The Democrats have finally figured out that abortion is an albatross around their political necks. So the new Democratic Party Chairman, former Vermont Governor Howard P. Dean said the party must make room for pro-lifers. That is a far cry from 1992 when then Pennsylvania Governor Bob Casey was denied a speaking slot at the Democratic National Convention because he was pro-life. Hillary Clinton said pro-lifers and pro-abortion groups should look for common ground. She shocked the abortion crowd by saying so, even though she in no way changed her radical position on abortion. The Democratic Party has tried to clear the deck for pro-life senatorial candidates in both Pennsylvania and Rhode Island. They were successful thanks to the strong arm of Pennsylvania Governor Ed Rendell. However, Rhode Island has a Republican Governor and Rhode Island party officials have not been strong enough to prevent a pro-life/pro-abortion senatorial primary.

While no doubt a majority of GOP voters is pro-life, it could be that pro-lifers could be divided among many candidates to the point that a pro-abortion candidate or mildly pro-abortion candidate could win a plurality of the vote in 2008. Since in most states it is winner-take-all in both primaries and conventions, an abortion sympathizer could win the GOP nomination for President with a plurality.

The party bosses think that pro-lifers would end up voting for the GOP candidate anyway. They are wrong about that. While those of us who have been Republicans for decades might swallow hard and vote for a nominee who is less than desirable, pro-lifers vote for pro-life candidates, period. If faced with two pro-abortion candidates most of them would stay home. The pro-abortion organizations own the Democrat party. That is not likely to change anytime soon. If the Republicans would be stupid enough to nominate a pro-abortion, pro-gay marriage candidate such as Rudy Giuliani, the pro-life vote would surely go to a third party and the election could well be handed to the Democrats.
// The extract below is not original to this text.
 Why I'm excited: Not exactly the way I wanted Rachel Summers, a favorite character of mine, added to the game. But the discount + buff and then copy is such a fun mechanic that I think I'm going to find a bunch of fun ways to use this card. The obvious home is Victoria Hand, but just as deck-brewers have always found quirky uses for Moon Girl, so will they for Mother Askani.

Since the election there has been much hand wringing on the part of Democrats about what went wrong. Democratic presidential nominee Senator John Kerry (Mass.) has pointed out that with a switch of 60,000 votes in Ohio he would be President. It is not as if Democrats suffered a 49-state landslide as Ronald Reagan inflicted on Walter Mondale. Democrats have enough Senators to threaten to shut down the Senate if Republicans re-instate the 220-year tradition of requiring a simple majority vote to confirm federal judges. In the House, a switch of 17 seats out of 435 seats would put the Democrats back in control. Democrats are much stronger than they are made out to be.
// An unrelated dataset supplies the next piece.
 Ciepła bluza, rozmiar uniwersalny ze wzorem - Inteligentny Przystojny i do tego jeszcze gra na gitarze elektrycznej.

Republicans must decide who they are. If they agree with President Bush that the Party should contribute to a "culture of life" then it will continue being the pro-life party with a pro-life Presidential nominee. If not and they become like the Democrats on the life issue, no doubt voters will choose the genuine article. The best way to bring back the Democrats is for the Republicans to abandon the life issue.

Paul M. Weyrich is the Chairman and CEO of the Free Congress Foundation.